Permanent abandonment of a well can be defined as the activities involved in securing a well that will no longer be used, to ensure containment and no harm to the environment. Standard details of how permanent reservoir barriers are to be created are provided by the Norwegian petroleum industry through NORSOK Standard D-010. Section 9 of this standard details requirements for the creation of permanent reservoir plugs in abandonment activities.
The creation of these reservoir plugs typically is dependent upon the condition of the well, the formation type, the quality of cement behind the casing, and the number of potential inflow sources. Similarly, two cross-sectional barriers must be provided across any inflow source together with a surface well barrier. The permanent plug (typically cement) should have a length of 100 m (50 m in casing with a mechanical plug), be positioned as near the inflow source as possible, extend 50 m above the source or casing shoe, and extend to the full cross section of the well (i.e., rock to rock).
The cement should provide well integrity for the foreseeable future and should be impermeable; materials used should not have shrinking properties. Additionally, the cement must withstand mechanical impact and loads; be resistant to chemicals, such as carbon dioxide, hydrogen sulfide, and hydrocarbons; and be wet, to help ensure bonding to steel casings.
An operator determined that wells in an uneconomic field on the Norwegian Continental Shelf needed to be plugged in preparation for abandonment. The field, located off the west coast of Norway, comprises 22 wells from a 24-slot fixed-jacket production platform. Of these 22 wells, 17 were oil producers (five still producing/12 shut in), one well was an active water-injection well, two were active wastewater-disposal wells, and two wells were previous P&A wells that required removal of the conductor and surface casing. The P&A operation would be split into five phases, the third of which (setting primary reservoir plugs) would be performed with CT.
Well parameters varied, but primary reservoir barriers were generally set in 5½-in. or 6⅝-in. completions at depths of between 2400 and 4400 m with inclinations between 85 and 90°.
Step A: Establish Reservoir Access. Drift or wash runs would be performed to establish reservoir access. This would help ensure that the well was cleared of any barriers and that the well had been drifted to ensure that perforating charges and plugs could be run and retrieved. Barriers typically included scale buildup on numerous wells, which could often be treated by milling or spotting acid with CT. In a few other cases, fish left in the well during previous intervention operations would have to be removed first. In some wells where depth control was critical, additional casing-collar-locator (CCL) runs were necessary as part of Step A.
Step B: Establish Reservoir Barriers. Several runs would be performed to enable the placement of the permanent cement reservoir barriers. These typically included tubing punch; perforating runs; wash runs; packer run; cement base placement; and, finally, the cement plug.
Of all the steps, Step B would be the most unconventional and would require testing to demonstrate that the tubing could be perforated, washed, and cemented successfully in field conditions.

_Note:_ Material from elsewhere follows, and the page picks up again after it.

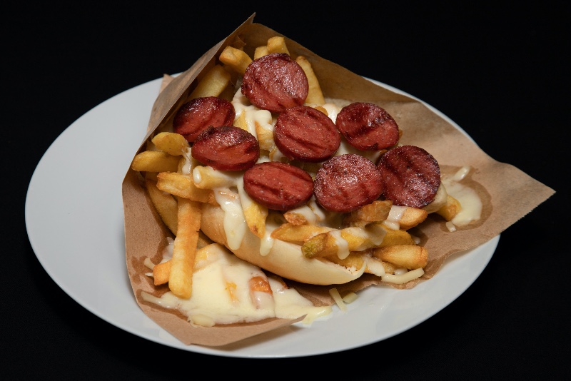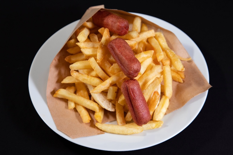 10 adet sosis 450 gr. patates kızartması; yanında ev yapımı ranch sos ve barbekü sos ile servis edilir.

Testing of the proposed techniques would include testing of the tooling [bottomhole assemblies (BHAs)] at a field facility together with laboratory testing of the cement slurry and placement.

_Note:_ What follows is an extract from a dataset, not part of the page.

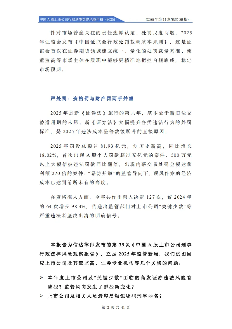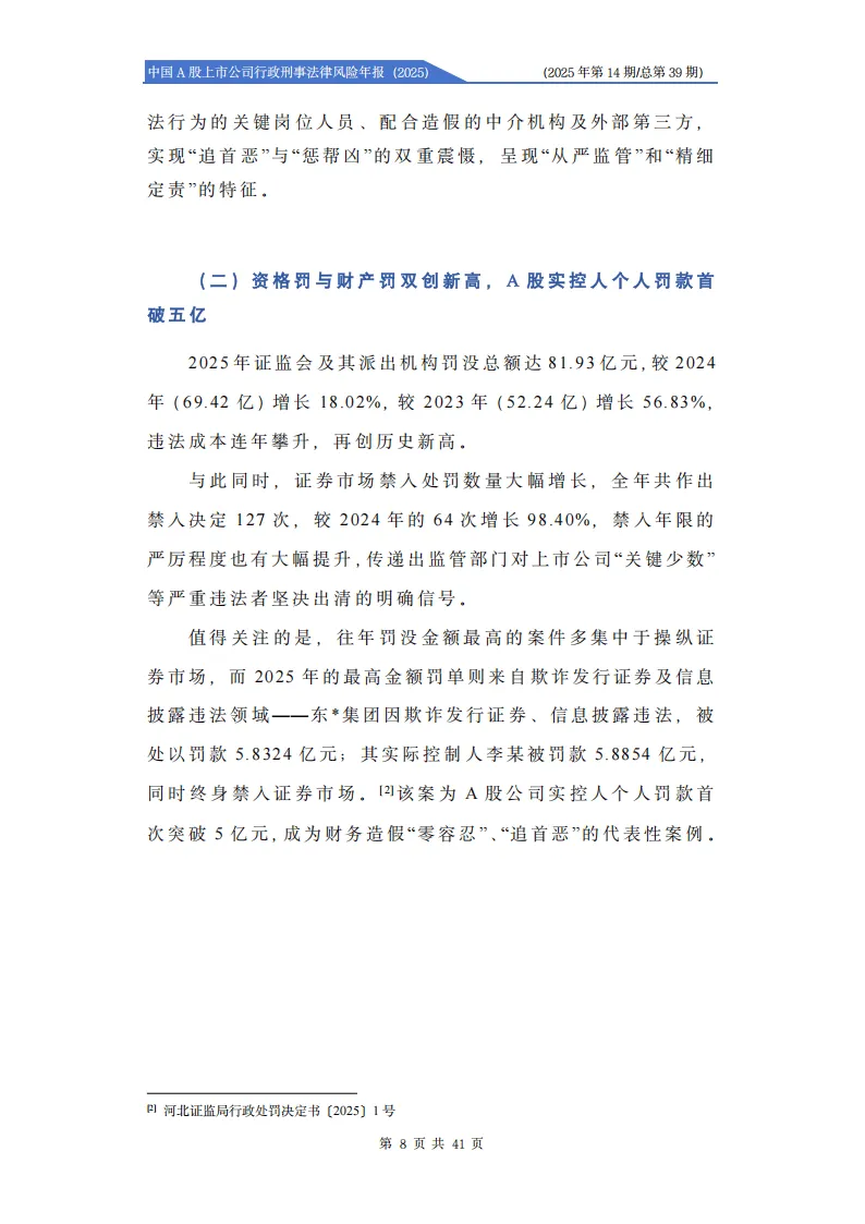 《中国A股上市公司行政刑事法律风险年报(2025)》展现了2025年资本市场严监管、精细化监管的核心特征,证监会罚没总额、市场禁入决定数量均创历史新高,行刑衔接机制持续深化,上市公司及相关主体的行政刑事法律风险显著提升。

For the plugging operation, a custom-designed blend of abandonment cement was necessary. The blend needed to be suitable for both abandonment and pumping down CT. In addition to the minimum properties necessary per the NORSOK standard, the cement blend provided a low circulating density, high strength, and low permeability. The cement blend also was required to control losses to the formation and successfully establish a fundament on which to place the reservoir plug.
The ability to punch and perforate the production tubing with CT was an established practice; however, the ability to wash and remove debris behind the tubing would require testing, the process of which is detailed in the complete paper. The yard trials were successful in determining that the BHA could successfully wash debris from behind the tubing and that cement could be placed successfully. The testing also confirmed that a slow pump rate and lower viscosity also would benefit cement placement through CT.
Step C: Verify Barriers. The final step in the job design was to perform an additional tubing punch run, dress the cement plug, and validate the cement plug by pressure-testing all of the established procedures.
Equipment requirements and CT rig-up considerations for the operation only required standard equipment and practices in rigging up with both the pipe deck and drill floor.
The optimal string for the operation was 2⅜-in. outer-diameter Grade-100 CT, selected on the basis of standard design factors including length, crane lift capacity, maximum rates and pressures, maximum set down, and pick-up capacity. During the campaign, a total of four CT strings was used because of the overall footage run and the fatigue accumulation. The placement of the CT reel and string on the turntable base would enable the string to be oriented to the respective well without the need for additional crane lifts.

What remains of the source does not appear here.